Bulls And Bears

Little Christmas cheer as STI dips 0.2%

US rate hike, looming US govt shutdown and global growth worries add to gloom

Local stocks slinked off to the Christmas weekend with nary a sliver of optimism in sight, amid worries of slowing global growth, the United States rate hike and an impending US government shutdown.

The Straits Times Index fell 4.58 points, or 0.15 per cent, to 3,046.04 yesterday, about 1 per cent lower for the week.

Losers outnumbered gainers 235 to 147 on turnover of about 1.31 billion shares worth $1.27 billion.

Hopes of a possible Santa rally were thoroughly crushed mid-week, due to the US Federal Reserve's less dovish-than-expected policy statement.

To add salt to the wound, investors had to contend with the threat of a US government shutdown. Weary US equities extended losses for six consecutive trading days overnight.

Regional stocks also ended the week broadly lower - a sign of investors continuing to shift funds out of risky assets such as equities and being more content to wait and see, according to market watchers.

Mr Olivier d'Assier, head of research for Asia-Pacific at Axioma, said: "Volatility is more than twice what it was earlier in the year, so has your return forecast for next year doubled in the last few weeks? If not, then there is no excuse for holding on to negative risk-adjusted returns, is there?"

Tech stocks pointed lower here, with the sector's largest stock, Venture Corp, down 1.13 per cent to $13.98. Hi-P, which makes plastic and metal parts for Apple, pared down 0.54 per cent to 92.5 cents, while consumer electronics manufacturer Creative Technology sank 4.84 per cent to $4.92.

Oil prices continued their downward spiral over oversupply fears, exerting pressure on local energy and offshore marine stocks.
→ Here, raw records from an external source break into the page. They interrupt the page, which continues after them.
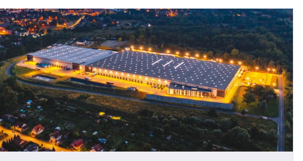
Lubuskie 2 Building, located in Krosno (Poland), had a building extension constructed in June 2023.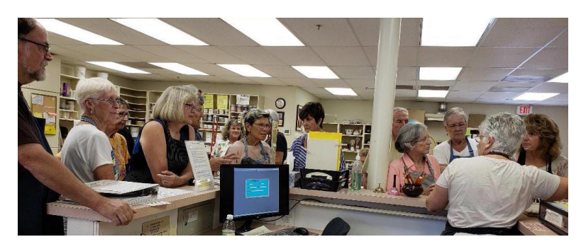
September Intro classes learning at the monitor's desk

Have your pieces in the holding room and enter the patio through the back outside door by 8:30 am.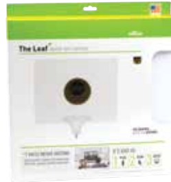
Leaf HDTV Digital TV Antenna Item #8005501099-$49.95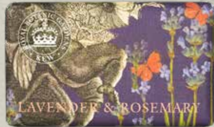
Lavender & Rosemary KGS0001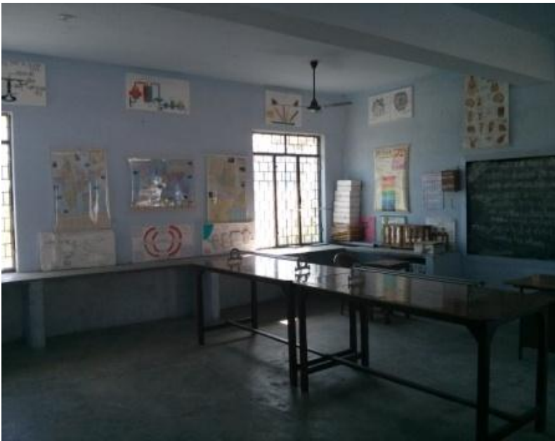
Review 3: IMG_20140314_101215.jpg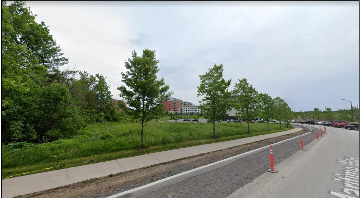
Site Photo 3)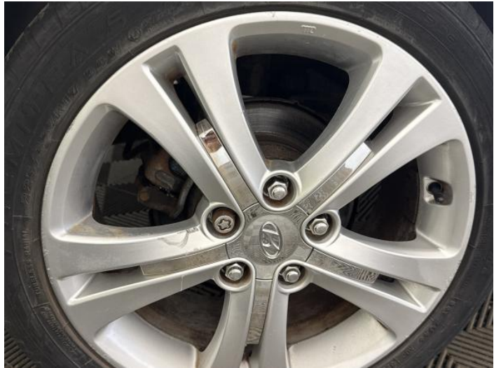
16: Wheel osr Scratched Over 50mm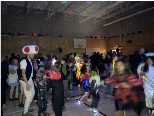
The lighting effects were magic!

Thank you to everyone who was able to join us for the first PAC-Sponsored community event since 2019! We had an amazing turnout on Wednesday night, with excellent support from parent and staff volunteers and donations from our community sponsors (City of Nanaimo, Dairy Queen – Country Club, Save on Foods – Country Club, AlSCO). We finished the night bubbling with excitement over what our next adventure could be! We have reserved Wednesdays for school use in our gym, giving us lots of options for future events. Here are some glimpses at the fun!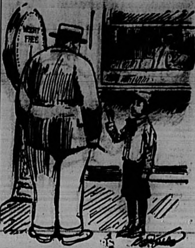
"If you get your work done, don't get paid, you might as well be dead."

lative market existing in one or two cases formed no basis for a fair valuation. In the Allegheny case much has been made at this hearing of the "when issued" market, which sprang up after we had fixed the price at which we would sell the stock, but about the time a few of the offers were made. As a matter of fact, at the same time 500,000 shares of the stock were offered publicly at $21 a share, a far better indication of the market value of the stock than the narrow and speculative "when issued" market.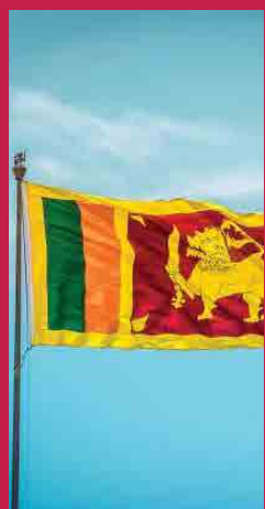
Sri Lanka February 4

Galaxy International School Uganda would like to wish families and friends from Sri Lanka, Grenada and New Zealand happy independence celebrations!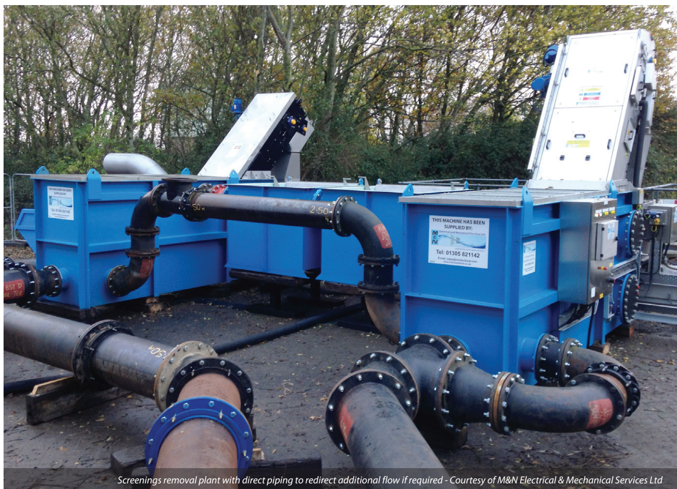
Screenings removal plant with direct piping to redirect additional flow if required

Situated 2 miles from the coastal town of Portishead on the Severn Estuary, Portbury Wharf STW was granted its first consent to operate in 1987. The site underwent a refurbishment in late 2015 and currently services Portishead and the surrounding area, equating to a population in the region of 32,000. Portbury Wharf is comfortably equipped to handle flow rates of 550l/s and treats wastewater flows from five pumping stations located in Clapton-In-Gordano, Portishead, Portbury Dock and Portbury Drove. Historically a heavily industrialised area, Portishead now acts as a dormitory town for Bristol and the surrounding area and features a stunning residential marina development where power and chemical plants had previously dominated the landscape.

Sembcorp Marine fell 1.92 per cent to $1.53, while Sembcorp Industries dipped 1.18 per cent to $2.51. Offshore marine player Nam Cheong shed over 14 per cent to 0.6 cent.

But banks, with their exposure to the energy and offshore marine sectors, largely held their nerve. DBS was up 0.21 per cent to $23.45 and United Overseas Bank put on 0.16 per cent to $24.35, but OCBC Bank retreated 0.09 per cent to $11.07.

CMC analyst Margaret Yang believes "relatively reasonable valuations and high-dividend yields" will likely cushion the downside for banks. Rising interest rates will also support the banks' net interest margins and offset the slowdown in other non-interest income items, she said.